Public sector innovation is often judged by deployment.

 

A new platform goes live, users migrate, and transactions become digital. While that story is attractive, it is incomplete since it only looks at the technology and not the processes that are required for successful deployment. 

 

Even mature digital systems need human governance, process discipline, and active oversight. 

 

This is the key lesson gleaned from the experience of Indonesia’s SPAN–SAKTI, which sits at the centre of Indonesia’s central government financial management functions.  

 

SPAN focusses on  the national treasury system while SAKTI supports agency-level budgeting, execution, accounting, and reporting.  

 

Together, they form an integrated financial management information system that connects agencies, treasury offices, supervisors, and system managers. 

 

A qualitative study of 14 treasury officials found that SPAN–SAKTI has strengthened public financial control.  

 

The systems’ embedded rules, restrict access, separate duties, validate transactions, and record audit trails. These audit trails link actions to user identities, timestamps, and approval stages. They make transactions more traceable and harder to deny. 

Risks still exist 

 

Digital control, however, is not the same as risk elimination.  

 

The study found residual risks in procedural non-compliance, credential sharing, weak process literacy, data latency, and shadow routines during disruption.

 

These risks do not mean the systems have failed.  

 

They show at which inflexion point digital transformation enters its hardest stage. 

 

The first lesson is that automation changes where risk lives. Strong systems can close many old loopholes.  

 

Budget ceilings can reject transactions beyond approved limits. Role-based access can prevent unauthorised processing. Segregation of duties can reduce single-person control.  

 

Yet risk can move into exceptions, workarounds, and user behaviour. 

 

Indonesia’s case clearly shows this movement.  

 

Normal transactions are easier to govern because the system can validate them.  

 

Exceptions are more difficult.  

 

Returns, corrections, voids, budget revisions, and service disruptions require interpretation. Control becomes fragile when users must act quickly under pressure. 

 

The second lesson is that audit trails must be analysed, not merely stored.  

 

A log can show who acted, when, and at which approval point. It cannot ask why the action happened. It cannot judge whether a pattern is suspicious.  

 

Accountability begins when managers and auditors systematically review those records. 

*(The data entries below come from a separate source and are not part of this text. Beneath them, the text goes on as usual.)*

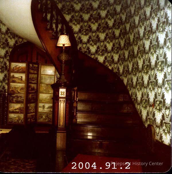 A colored photograph of the front hall of the Joshua L. Chamberlain House.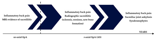 Axial-SpA may evolve over time, from an early phase without radiologically detectable changes in the pelvic X-ray (nr-axial-SpA) toward a late phase in which structural changes such as sclerosis, erosions, and new bone formation in the sacroiliac joints and in the spine occur (r-axial-SpA).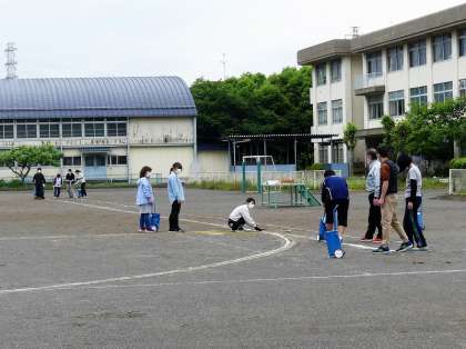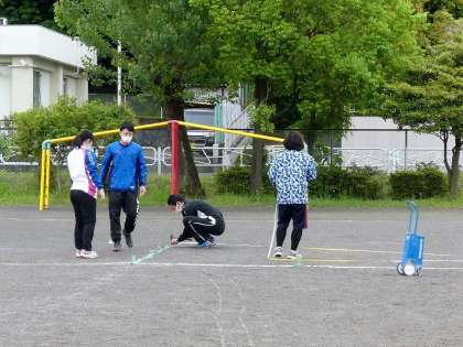 昨日の放課後、先生方総動員で、校庭にラインを引きました。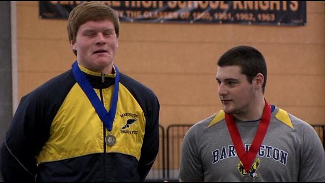 Barrington’s Adam Kelly and teammate Bobby Colantonio not only finished first and second in the state indoor track meet, they are first and second in the country in the weight throw.

Risk-based audit trail reviews a must 

 

Risk-based audit trail review should, therefore, become a routine public sector capability. Unusual access times, repeated corrections, dormant account reactivation, frequent transaction returns, and role conflicts deserve attention.  

 

The goal is not surveillance for its own sake. The goal is to detect early before small anomalies become institutional problems. 

 

The third lesson is that access governance is a public finance issue.  

 

A role-based system is only reliable when the named user is the real user.  

 

Credential sharing weakens audit evidence by breaking the link between action and responsibility. Effective governance, therefore, requires disciplined credential management, monitoring of dormant accounts, multi-factor authentication, and clear segregation of duties. 

 

Periodic access recertification should become standard practice. Agencies should verify active users, dormant accounts, conflicting roles, and high-risk permissions.  

 

These reviews should not be treated as routine IT administration. They protect the integrity of public financial decisions. 

Process literacy a must 

 

The fourth lesson is that users need process literacy, not only system training. Many digital transformation programmes teach officials how to navigate screens.

 

Few help them understand the fiscal logic behind each step. Weak process literacy can leave transactions suspended, create overlapping processes, and trigger repeated corrections. 

 

Scenario-based training can close this gap.  

 

Users should practice budget revision, fund-availability checks, payment validation, return handling, asset recording, and audit trail responsibility. Training should use real cases studies, not just manuals. Public servants need to understand the consequences, not only menus. 

 

The fifth lesson is that data lineage matters.  

 

Integrated systems do not always update every dashboard at the same time. Monitoring platforms may use different refresh cycles, cut-off points, or data transformations. Without clear metadata, users may dispute numbers that differ due to timing rather than error. 

 

Public agencies should show data sources, refresh times, cut-off points, and transformation rules. This small design choice can reduce confusion.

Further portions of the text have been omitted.